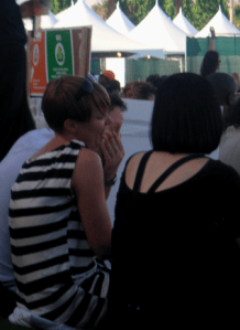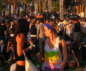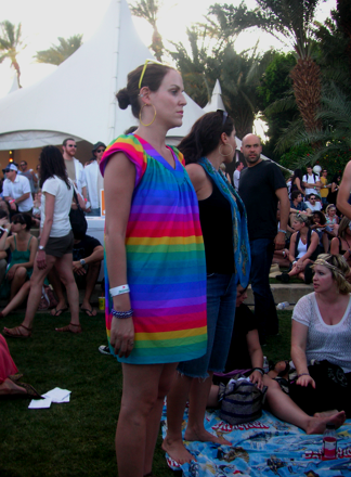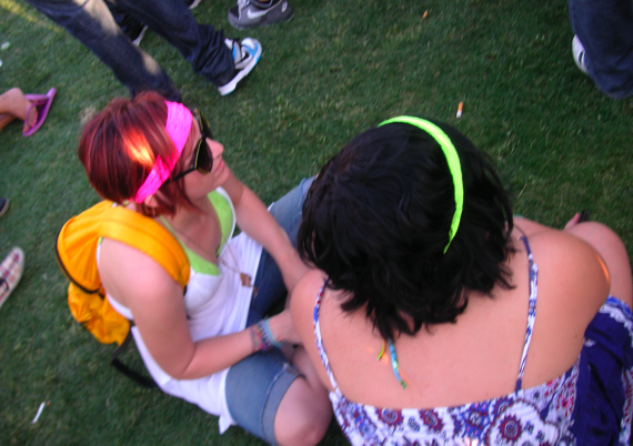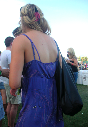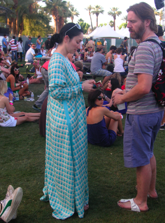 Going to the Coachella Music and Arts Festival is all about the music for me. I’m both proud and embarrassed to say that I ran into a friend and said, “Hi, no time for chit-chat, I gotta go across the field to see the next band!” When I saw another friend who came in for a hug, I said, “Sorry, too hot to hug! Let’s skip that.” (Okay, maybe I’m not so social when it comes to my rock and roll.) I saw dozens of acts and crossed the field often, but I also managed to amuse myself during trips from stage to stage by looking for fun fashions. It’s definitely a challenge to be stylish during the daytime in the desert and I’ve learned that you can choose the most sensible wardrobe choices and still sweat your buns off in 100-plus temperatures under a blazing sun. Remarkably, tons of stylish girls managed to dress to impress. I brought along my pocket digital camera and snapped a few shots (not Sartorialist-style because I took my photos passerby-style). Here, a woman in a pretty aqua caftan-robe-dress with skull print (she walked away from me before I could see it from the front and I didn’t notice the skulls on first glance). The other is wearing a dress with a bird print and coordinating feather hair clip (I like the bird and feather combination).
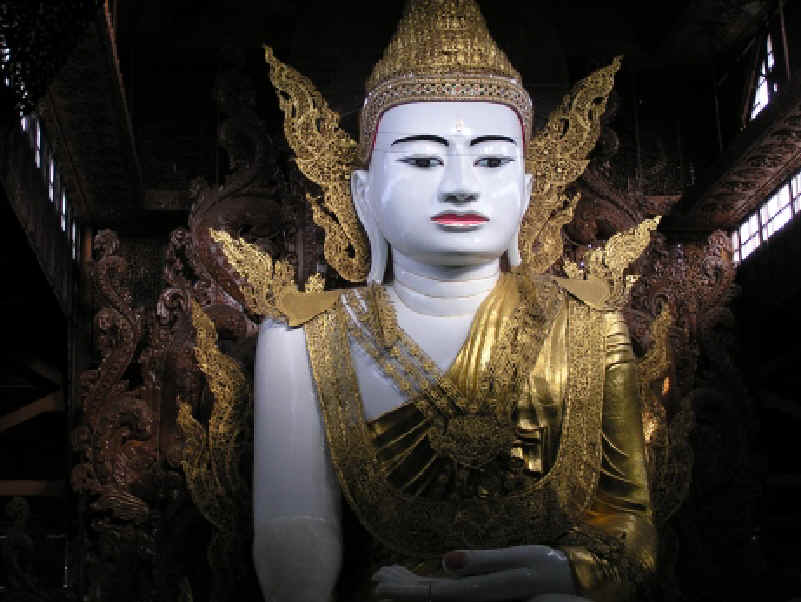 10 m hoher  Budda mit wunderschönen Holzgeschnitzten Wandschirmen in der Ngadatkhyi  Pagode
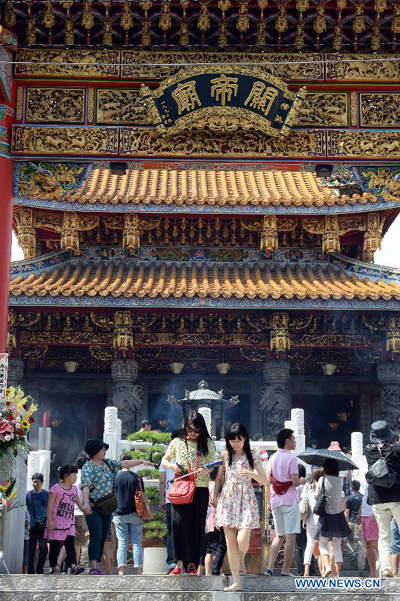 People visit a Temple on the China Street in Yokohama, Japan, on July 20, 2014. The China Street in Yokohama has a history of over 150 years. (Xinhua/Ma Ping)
==
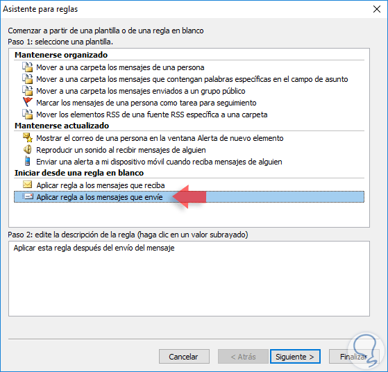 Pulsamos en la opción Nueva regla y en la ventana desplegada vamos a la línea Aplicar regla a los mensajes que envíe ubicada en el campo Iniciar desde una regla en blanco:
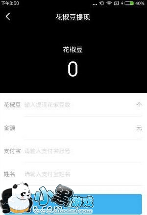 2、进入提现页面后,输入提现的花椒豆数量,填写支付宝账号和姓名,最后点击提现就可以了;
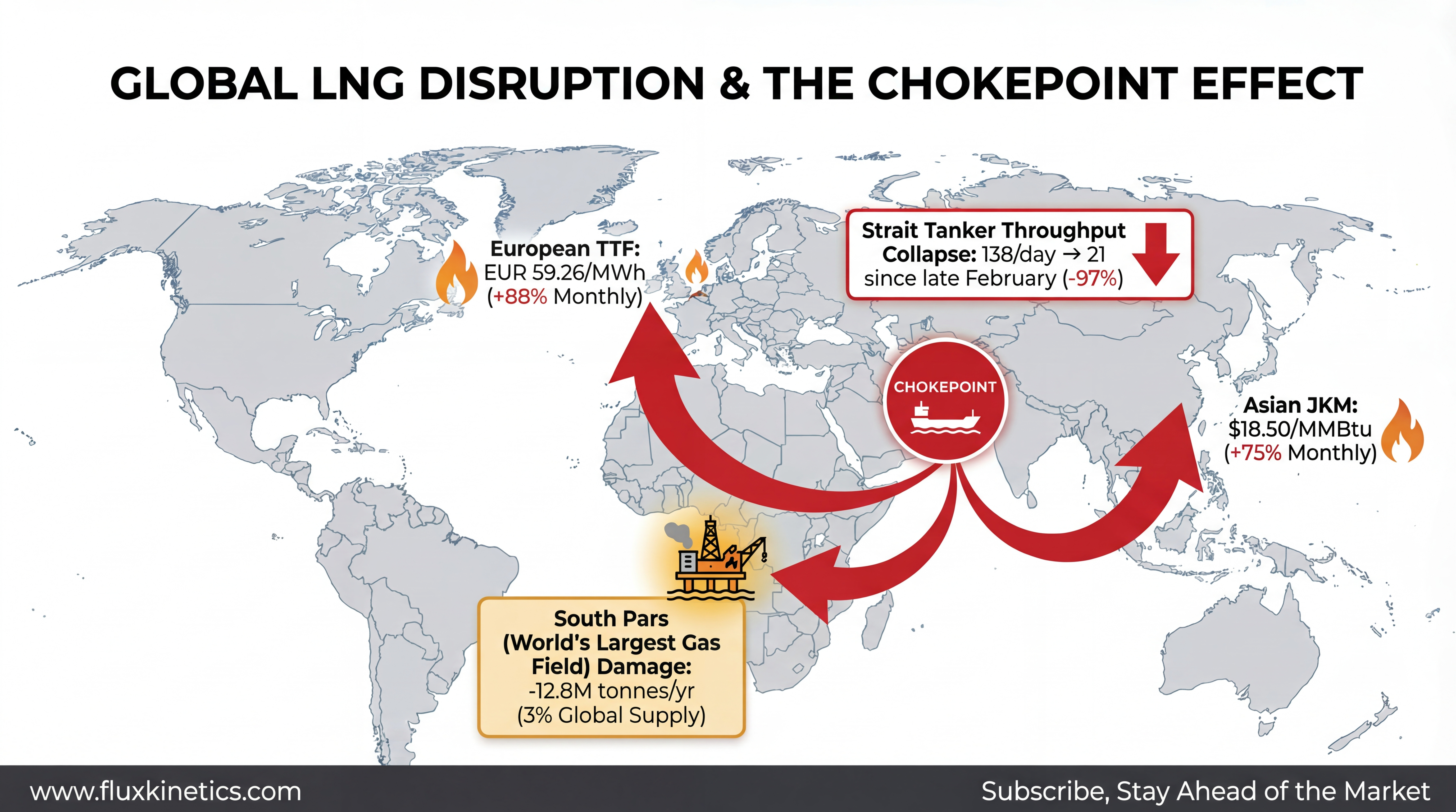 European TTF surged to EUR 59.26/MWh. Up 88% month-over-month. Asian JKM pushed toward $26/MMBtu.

Exercise brief -> Starting at the line above that contains "10 m hoher  Budda", transcribe every line exactly through the line that contains "People visit a", including that last one, and skip the pictures.

Answer section ->
 10 m hoher  Budda mit wunderschönen Holzgeschnitzten Wandschirmen in der Ngadatkhyi  Pagode
 People visit a Temple on the China Street in Yokohama, Japan, on July 20, 2014. The China Street in Yokohama has a history of over 150 years. (Xinhua/Ma Ping)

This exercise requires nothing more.